Why Young Americans Are Now More Likely to Live With Their Parents

By Published on June 2, 2016

For the first time in over 130 years, more young adults lived with their parents than any other living situation.

According to the analysis by the Pew Research Center, 32.6 percent of adults ages 18 to 34 lived with their parents; 31.6 lived with a spouse or romantic partner; 14 percent lived without other adults (either on their own or as a head of household); and the remaining 22 percent lived in “other living arrangements” such as with a friend or relative.

Living at home is even more common for young men than women: 35 percent of young men live with their parents, compared to 29 percent of young women.

Education and ethnicity also play a role, with lower-educated, black, and Hispanic adults more likely to live at home. When isolated by demographics, certain groups are not more likely to live with their parents. Women, whites; Asians/Pacific Islanders; and individuals with a bachelor’s degree or more are more likely to live with a spouse or partner than at home with their parents.

Why are so many young adults living at home?

The Great Recession certainly made it harder for many young adults to buy or rent their own home and thus contributed to the rise in young adults living at home, but the trend started well before the Great Recession.

In 2007, before the recession began, 28 percent of young adults were living at home, compared to only 20 percent in 1960.

Even more pronounced than the rise in young adults living at home is the drop in those married or cohabiting. Since 1960, the percent of young adults married or cohabiting in their own home dropped in half, from 62 percent to 31.6 percent.

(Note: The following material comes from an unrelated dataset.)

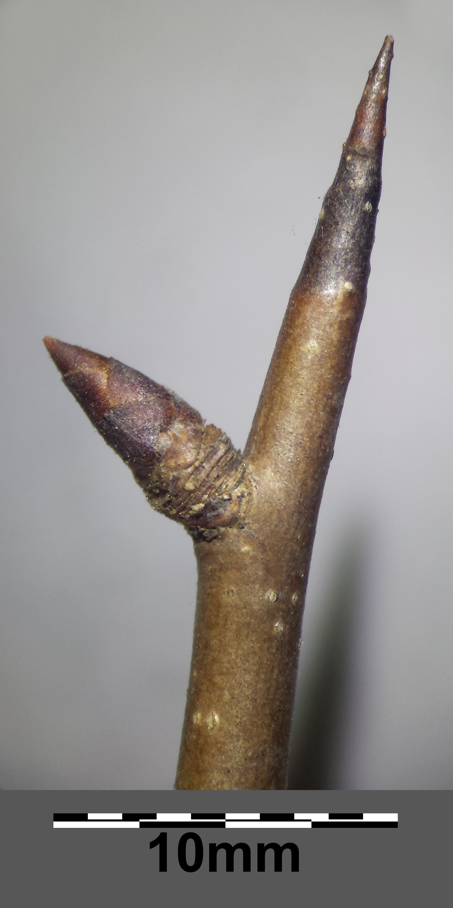 Spiny branch with short shoot and bud Taxonym: Pyrus pyraster ss Fischer et al. EfÖLS 2008 ISBN 978-3-85474-187-9 Location: near Niederhollabrunn, district Korneuburg, Lower Austria - ca. 350 m a.s.l. Habitat: shrubbery

As the study suggests, lower earnings growth and higher unemployment among young men could be causing men to postpone moving out — whether living on their own, with a spouse, or friends. Women’s increased labor force participation has likely also contributed to young adults postponing marriage. And the cycle could be contagious — the more young adults who live at home, the more socially acceptable it becomes.

The rise in young adults living at home can be good or bad. For some young adults, living at home for a few months or years improves their financial future, allowing them to save money to buy a home of their own. But for others, the financial ease of living at home can encourage unsustainable spending habits that make it harder to become independent.